Майя состроила недовольную гримасу.
— Должно быть, вы оба ходили в торговое училище, а?
— Как они выяснили, избежать таких неприятностей можно было, приняв определенный процент студентов, которые привыкли получать заурядные оценки, но выделялись по какому-либо другому признаку…
— Например, имели наглость подать документы в Гарвард с заурядными оценками…
— …Привыкли находиться в конце списков и были счастливы уже оттого, что попали в Гарвард.
— Откуда ты это знаешь? — спросила Майя.
— Я был одним из них, — улыбнулся Фрэнк.
— У нас на корабле нет заурядных личностей, — сказал Джон.
Фрэнк с подозрением посмотрел на него.
— Зато у нас есть куча прекрасных ученых, которых не интересует власть. Многие из них считают это дело скучным. Администрирование и все такое. Они рады предоставить это таким, как мы.
— Бета-самцы, — Джон подтрунивал над Фрэнком и его интересом к социобиологии. — Идеальное стадо.
Как же часто они подтрунивали друг над другом…
— Ты не прав, — заметила Майя Фрэнку.
— Может, и так. В любом случае, они — политическое образование. У них есть по меньшей мере возможность выбрать, за кем следовать, — он произнес это с таким видом, будто высказанное приводило его в уныние.
Тут наступило время смены на мостике, и Джон, попрощавшись, их покинул.
Фрэнк поплыл на сторону Майи, и она занервничала. Они никогда не обсуждали свою непродолжительную связь, и эта тема уже долго не поднималась даже косвенно. Она думала, что, если когда-нибудь придется объясняться, скажет, что изредка позволяет себе развлечься с мужчинами, которые ей нравятся. Что это было чем-то спонтанным.
Но он лишь указал ей на красную точку в небе.
— Я все думаю, зачем мы туда летим.
Майя пожала плечами. Вероятно, он хотел сказать не «мы», а «я».
— У каждого свои причины, — ответила она.
Он пристально на нее посмотрел.
— Что правда, то правда.
Она оставила тон, с которым он это сказал, без внимания.
— Может, дело в наших генах, — предположила она. — Может, они почувствовали, что на Земле что-то пошло не так. Мутации ускорились, или что-то в этом роде.
— И решили начать все сначала.
— Именно.
— Теория об эгоистичном гене. Разум — лишь инструмент, помогающий обеспечить успешную репродукцию.
— Полагаю, что так.
— Но это путешествие ставит под угрозу успешную репродукцию, — заметил Фрэнк. — Там небезопасно.

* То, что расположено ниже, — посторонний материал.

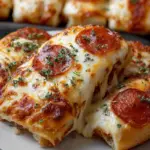 Knusprige Brotsticks mit schmelzendem Käse und würziger Pepperoni, ideal für jeden Snack-Anlass.
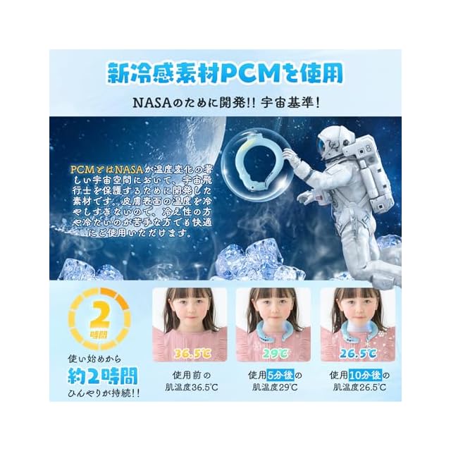 暑い真夏の季節でもネックリングは首ひんやりグッズ!24度以下の空間で凍る特殊な氷「PCM素材」で作られた首元用のネッククーラー。
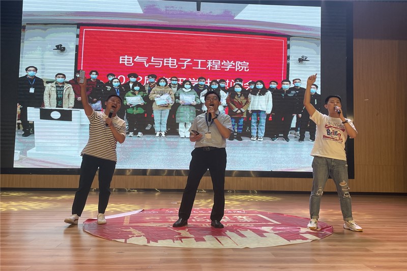 本网讯 生活“音”爱而乐,“音”爱而美!为落实2022届毕业生离校主题教育活动,丰富学校文化,增强毕业生爱校、荣校、强校的情感,营造积极向上、欢快愉悦的校园氛围。电气与电子工程学院于6月1日在A32大学生活动中心举办“青春心向党,一起向未来”2022届毕业生青春歌会活动,电气与电子工程学院党总支书记、副院长陈振,学工秘书曹栋,团总支书记吴猛,毕业班辅导员许秋实、鲁孟、程聪,以及各年级辅导员和毕业学子参加了本次毕业青春歌会。

— То же можно сказать и о Земле. Загрязнение, радиация, другие люди…
Фрэнк отрицательно покачал головой.
— Нет, не думаю, что эгоизм кроется в генах. Мне кажется, он в другом.
Он поднял указательный палец и твердо ткнул Майю меж грудей, тем самым оттолкнувшись от нее вниз, к полу. Не сводя с нее глаз, он дотронулся до себя в том же месте.
— Спокойной ночи, Майя.
Неделю или две спустя Майя собирала капусту на ферме, передвигаясь по проходу между длинными поддонами, где ее выращивали. Она была там одна. Капуста напоминала ряды мозгов, пульсирующих от мыслей в ярком послеполуденном свете.
Она уловила какое-то движение и оторвала взгляд. В другом конце комнаты сквозь бутылку водорослей виднелось лицо. Стекло исказило его, но это явно было лицо темнокожего мужчины. Он смотрел в ее сторону, но не видел ее. Похоже, он говорил с кем-то, кого Майе не было видно. Он переместился, и лицо стало различимее, увеличившись в середине бутылки. Она поняла, почему следила за ним так внимательно, почему у нее сжалось все внутри: она никогда не видела его прежде Повернувшись, он встретился с ней взглядом. Они глядели друг на друга сквозь два искривленных стекла. Он был незнакомцем, с узким лицом и крупными глазами.
И он исчез в коричневом затемнении. Еще мгновение Майя колебалась, боясь преследовать его, но все же заставила себя пересечь помещение и подняться по стыковому соединению в следующий цилиндр. Там оказалось пусто. Затем она пробежала еще три цилиндра и лишь тогда остановилась. Она так и стояла, глядя на помидорные плети и тяжело дыша. Майя покрылась пóтом, несмотря на то что чувствовала прохладу. Незнакомец. Это невозможно. Но она видела его! Она напрягла память, стараясь вновь вспомнить его лицо. Возможно, это был… ну нет. Он не мог быть кем-то из сотни, она знала это наверняка. Способность распознавать лица — одна из ее сильнейших способностей. И он убежал, скрылся из виду.
Безбилетник! Но это же было невозможно! Где он прятался, как выживал? Как перенес радиационную бурю?
Или у нее начались галлюцинации? Неужели теперь и до этого дошло?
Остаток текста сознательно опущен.